Signorell Ladina M, Seitz Dominik, Merkel Sabina, Berger Rosemarie, Rudin Christoph
University Children's Hospital, Basel, Switzerland.
Pediatr Infect Dis J. 2006 Feb;25(2):123-8. doi: 10.1097/01.inf.0000195542.43369.96.
In the absence of mandatory nationwide toxoplasmosis screening during pregnancy in Switzerland, the Basel region introduced cord blood screening in 1982.
From 1982 to 1999, 64,622 cord blood samples (>90% of all neonates) collected in Basel region obstetric units were screened for toxoplasma specific immunoglobulin (Ig) G, M and A antibodies using commercial kits. Neonates with relevant results (IgG titers > or =300 IU/mL, or > or =200 IU/mL in the Abbott Toxo IMX system, and/or positive IgM or IgA antibodies) were monitored until clarification of infection status. From 1991 onward, retrospective maternal and follow-up data on these children were also collected by questionnaire.

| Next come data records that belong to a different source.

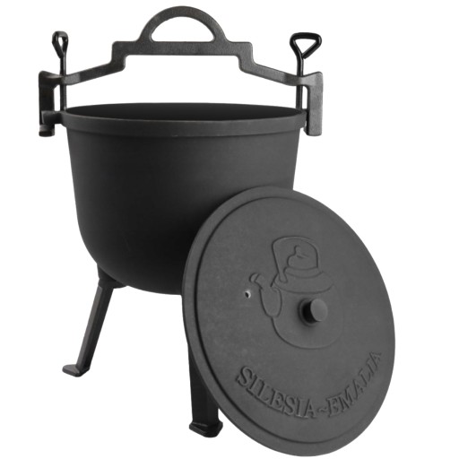 ЧУГУННЫЙ КОЛДЕЛЬ охотничий горшок для костра SILESIA EMALIA 8л
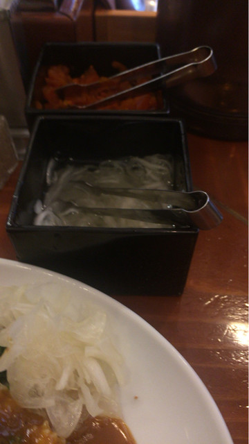 こちらの店の福神漬けとタマネギの酢漬けはカレーの辛さを中和するに最高の付け合わせです
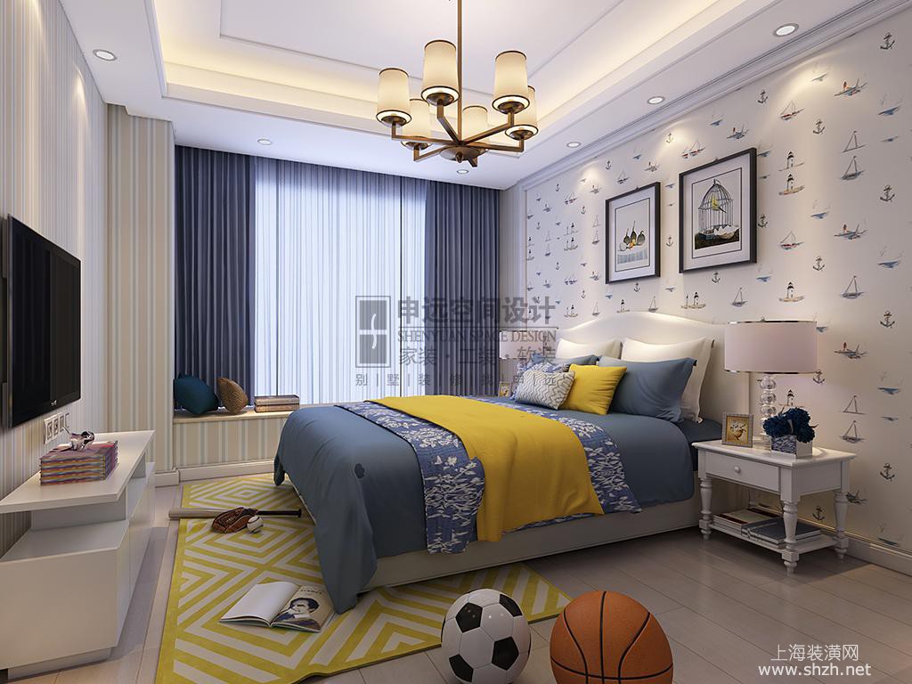 湖畔天下儿童房.jpg - 墙面色彩选择上,自然、怀旧、散发着浓郁泥土芬芳的色彩是美式乡村风格的典型特征。

Despite increasing maternal age, seroprevalence for toxoplasmosis decreased steadily from 53% (1982-1985) to 35% (1999). During the same period, the prevalence of congenital toxoplasmosis declined from 0.08% to 0.012%. IgM and/or IgA antibodies were present with the Platelia Toxo test (enzyme-linked immunosorbent assay; sanofi pasteur; Bio-Rad) in the cord blood samples of 17 of 18 infected neonates born between 1986 and 1999, regardless of maternal treatment in pregnancy. Vertical transmission rates in 69 women with proven or suspected primary infection between 1991 and 1999 were 3.9% with, compared to 27.7% without, antiparasitic treatment during pregnancy.

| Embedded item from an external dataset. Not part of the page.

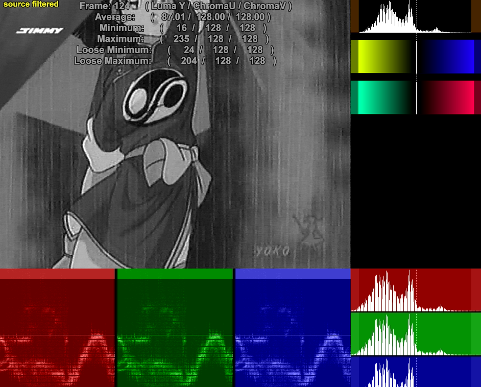 When we grayscale the image (forcing R=B=G or Cb=Cr=128) and inspect the RGB Histogram we see the gaps in the waveform and in the Histogram (RGB format at the bottom)
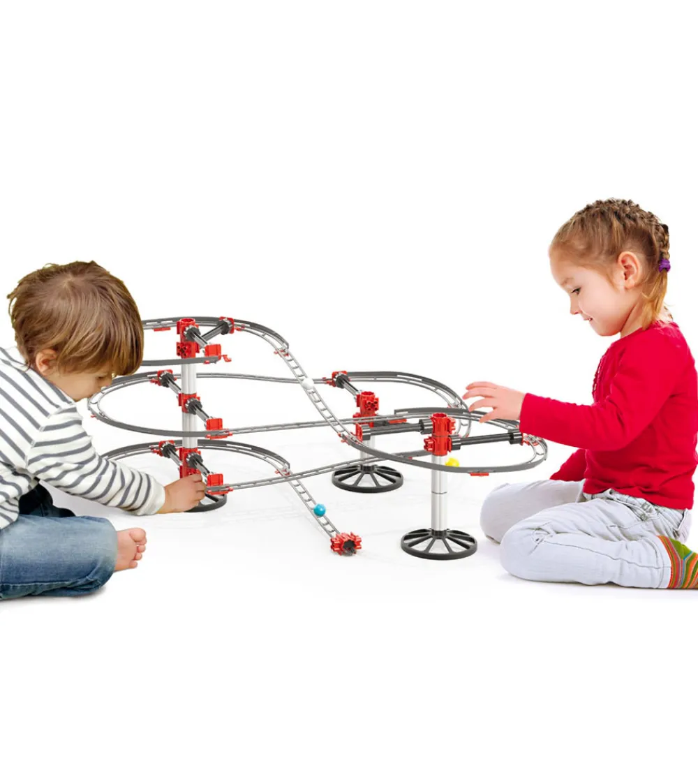 Kuglebanen er perfekt til byggeglade børn og stimulerer de visuel-rumlige evner, årsag/virkning-princippet og problemløsning. Quercetti udvikler legetøj ud fra STEAM-læring, som indebærer videnskab, teknologi, ingeniørarbejde, kunst og matematik.

Toxoplasma seroprevalence and congenital toxoplasmosis incidence declined markedly in northwestern Switzerland from 1982 to 1999. Our data provide no conclusive evidence that maternal antiparasitic therapy in pregnancy affects vertical transmission because the treatment group also included women with suspected but unproven primary infection during pregnancy. Because toxoplasma specific IgA/IgM antibodies in cord blood identified almost all infected children, screening at birth may be more cost effective than during pregnancy.

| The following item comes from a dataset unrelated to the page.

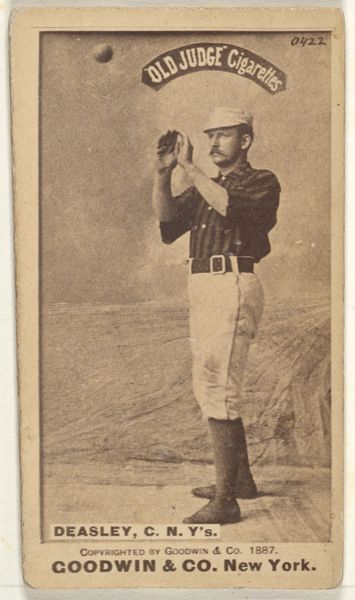 Editor: This is a collotype print from 1887, a baseball card titled "Michael Cornelius Dorgan, Right Field, New York," made by Goodwin & Company. The sepia tones and the composition—the player posed mid-throw—give it such a vintage, nostalgic feel. What stands out to you when you look at this piece? Curator: The enduring visual appeal arises from the masterful use of line and form. Note how the vertical stripes of Dorgan's shirt interact with the implied horizontal plane of the baseball field, creating a dynamic tension. How does this contrast contribute to the image's overall structure? Editor: I see what you mean! The lines almost pull you in different directions, but Dorgan's stance plants him firmly in place. Curator: Precisely. Consider also the photographic process itself. The collotype allows for a remarkable tonal range, capturing the nuances of light and shadow. Do you notice the subtle gradations in the background? Editor: Yes, the way it fades out almost suggests movement, even though it’s a static image. It gives the impression of a vast playing field. The soft focus contributes to that too. Curator: Indeed. The lack of sharp detail further emphasizes the geometric clarity of the composition and focuses our gaze on the subject and his action. It is a beautiful example of form dictating function, even within a commercial object. Editor: This has definitely made me look beyond the subject matter and appreciate the formal qualities that contribute to its appeal. Curator: Likewise. Thinking about how technique and visual structure can elevate the simplest subject, and that's invaluable.

在瑞士缺乏全国性孕期强制性弓形虫病筛查的情况下,巴塞尔地区于1982年引入了脐血筛查。
1982年至1999年期间,使用商业试剂盒对在巴塞尔地区产科单位采集的64622份脐血样本(超过所有新生儿的90%)进行弓形虫特异性免疫球蛋白(Ig)G、M和A抗体筛查。对结果相关的新生儿(IgG滴度≥300 IU/mL,或在雅培弓形虫IMX系统中≥200 IU/mL,和/或IgM或IgA抗体呈阳性)进行监测,直至感染状况明确。从1991年起,还通过问卷调查收集了这些儿童的回顾性母亲及随访数据。
尽管产妇年龄增加,但弓形虫病血清阳性率从1982 - 1985年的53%稳步下降至1999年的35%。同期,先天性弓形虫病的患病率从0.08%降至0.012%。在1986年至1999年出生的18例感染新生儿中,有17例的脐血样本通过普立泰科弓形虫检测(酶联免疫吸附测定;赛诺菲巴斯德;伯乐)检测出IgM和/或IgA抗体,无论母亲在孕期是否接受治疗。1991年至1999年期间,69例确诊或疑似原发性感染的女性中,孕期接受抗寄生虫治疗者垂直传播率为3.9%,未接受治疗者为27.7%。
1982年至1999年期间,瑞士西北部弓形虫血清阳性率和先天性弓形虫病发病率显著下降。我们的数据没有提供确凿证据表明孕期母亲抗寄生虫治疗会影响垂直传播,因为治疗组还包括孕期疑似但未经证实原发性感染的女性。由于脐血中弓形虫特异性IgA/IgM抗体几乎能识别所有受感染儿童,出生时筛查可能比孕期筛查更具成本效益。